El propio thon Taddeo, según el correo portador de la carta, fue educado en el monasterio de los benedictinos, donde se le había llevado de niño para evitar complicaciones a la esposa de su padre. El padre del thon era el tío de Hannegan, pero su madre era una sirvienta. La duquesa, esposa legítima del duque, nunca había protestado de los galanteos del duque, hasta que esta criada le dio a él el hijo que siempre deseara; en aquel momento lo lloró como injusto. Ella sólo había podido darle hijas, y ser vencida por una plebeya atrajo su ira. Envió lejos al niño, azotó y despidió a la sirvienta y retuvo de nuevo al duque absolutamente dominado. Habiendo decidido que para recuperar su honor tenía que darle un hijo, le dio tres niñas más. El duque esperó pacientemente quince años, y cuando ella murió de parto — de otra niña —, fue rápidamente a los benedictinos para reclamar al muchacho y designarlo su heredero.

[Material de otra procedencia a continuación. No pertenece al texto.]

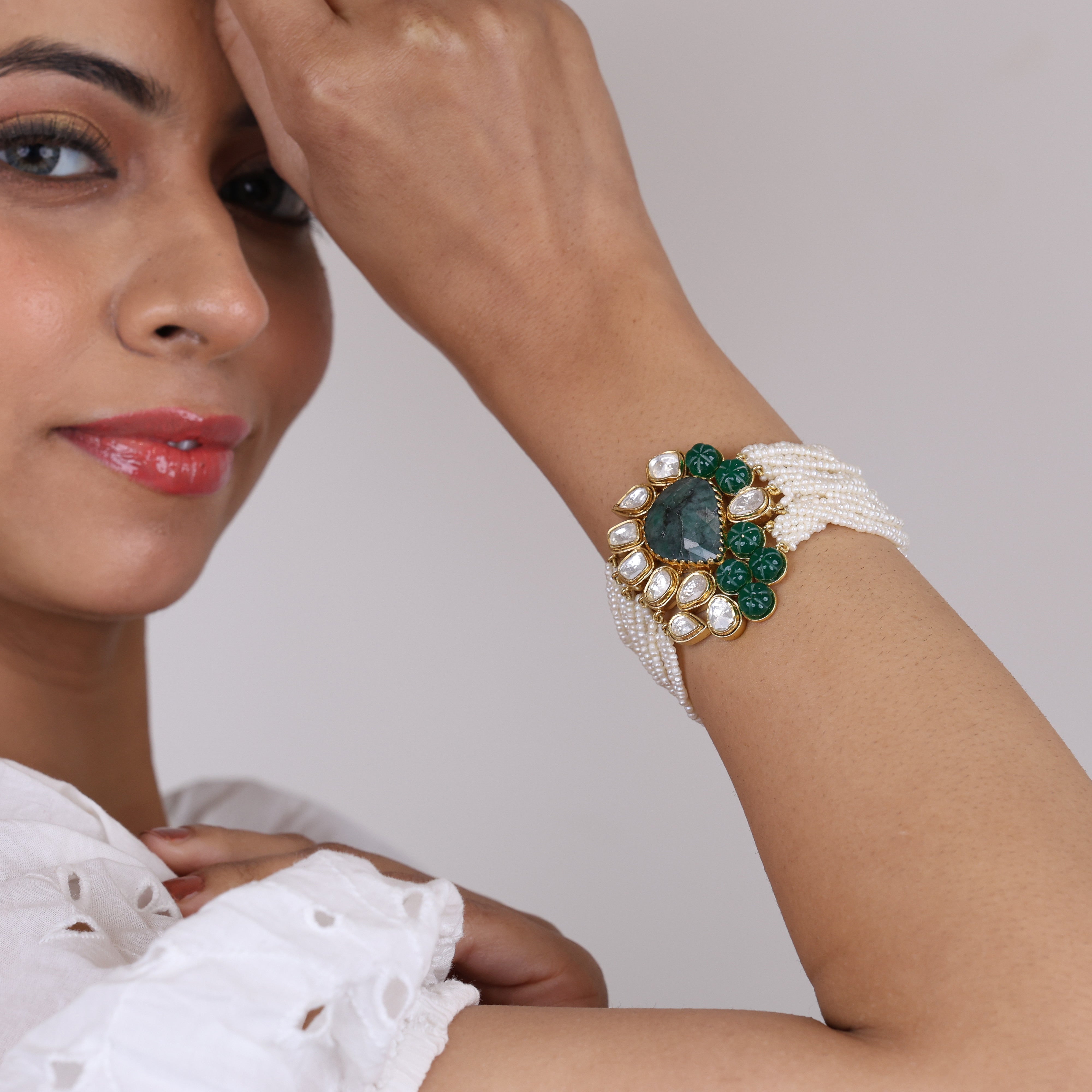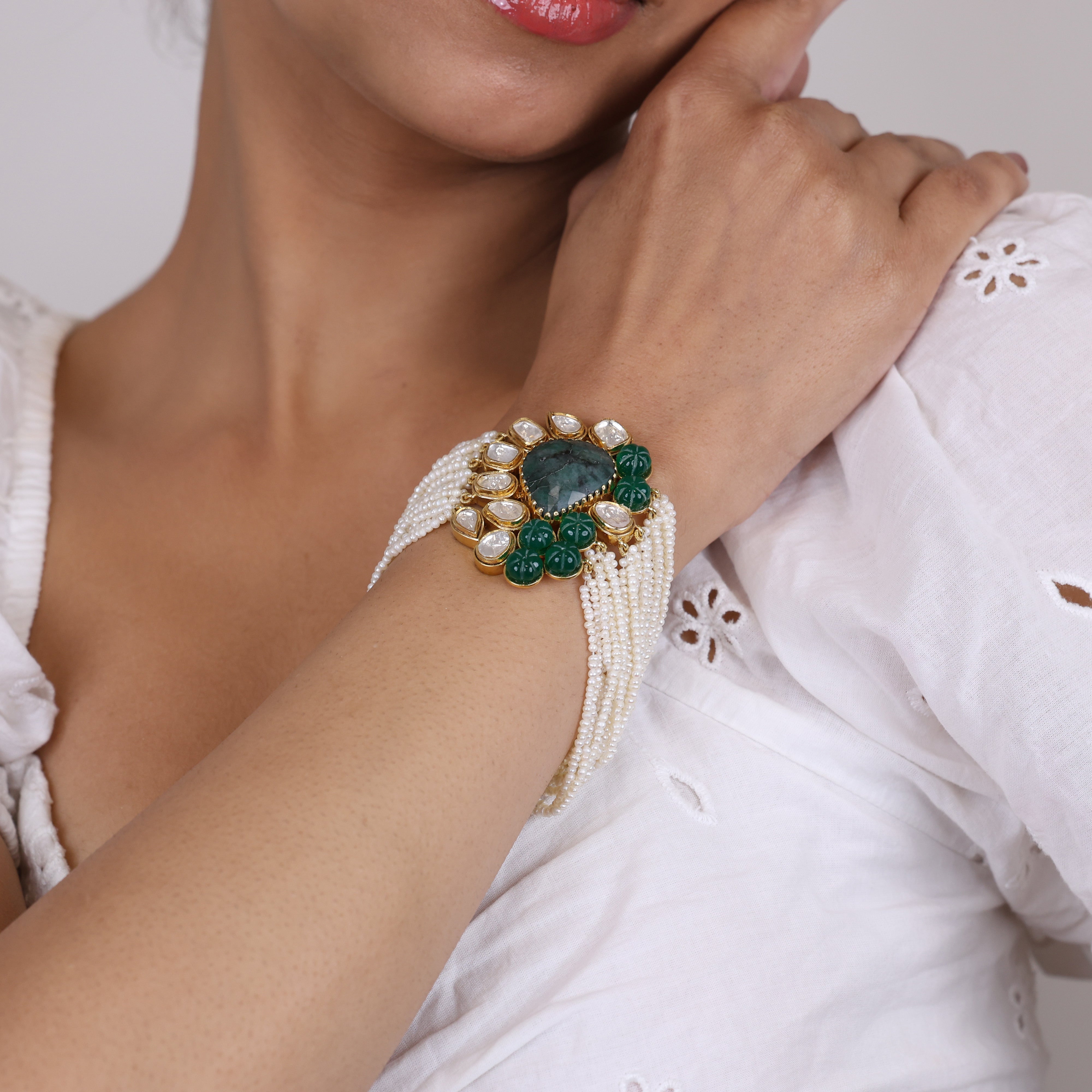 Where land meets sea, rarity meets radiance. Introducing "Pearly Seas" - the jewelry icon that transforms precious stones into a symphony of color and texture. This luxury bracelet blends the verdant allure of emeralds, the luminous whispers of khakho pearls, the fiery brilliance of moissanite, and the midnight mystique of onyx into one breathtaking accessory. Sourced from far-flung corners of the globe, each gemstone carries echoes of its exotic origins, culminating in a piece that transcends mere adornment. With hues ranging from glistening oceanic blues to earthy forest greens, this striking curation of nature's treasures evokes wanderlust, opulence and the irresistible allure of the unexplored. When draped around the wrist, "Pearly Seas" instantly elevates any ensemble into the extraordinary - a statement of impeccable taste and a canvas for self-expression. Revel in the rarity of owning a true jewelry icon.

Pero el joven Taddeo de Hannegan-Pfardentrott se había convertido en un muchacho amargado. Pasó de la infancia a la adolescencia viendo la ciudad y el palacio donde su primo estaba siendo preparado para el trono. Si su familia le hubiese ignorado por completo, quizás habría madurado sin sentir su vida de paria. Pero tanto su padre como la sirvienta, cuyo seno le había cobijado, acudían a visitarle con la frecuencia suficiente como para recordarle que había sido engendrado de los humanos y no de las piedras; y así se daba vagamente cuenta de que le privaban del amor al cual tenía derecho. Y entonces también el príncipe Hannegan llegó al mismo monasterio para realizar un año de estudios; gobernó y ganó a su primo bastardo en todo, excepto en agudeza mental. El joven Taddeo odió al príncipe con una furia tranquila y decidió distanciarse de él lo más posible por medio del estudio. Sin embargo, la carrera resultó una farsa; el príncipe abandonó la escuela monástica al año siguiente, tan inculto como había llegado, y no se volvió a pensar en su educación. Mientras tanto, su exiliado primo continuó solo la carrera y ganó altos honores; pero su victoria fue vana porque a Hannegan no le importó.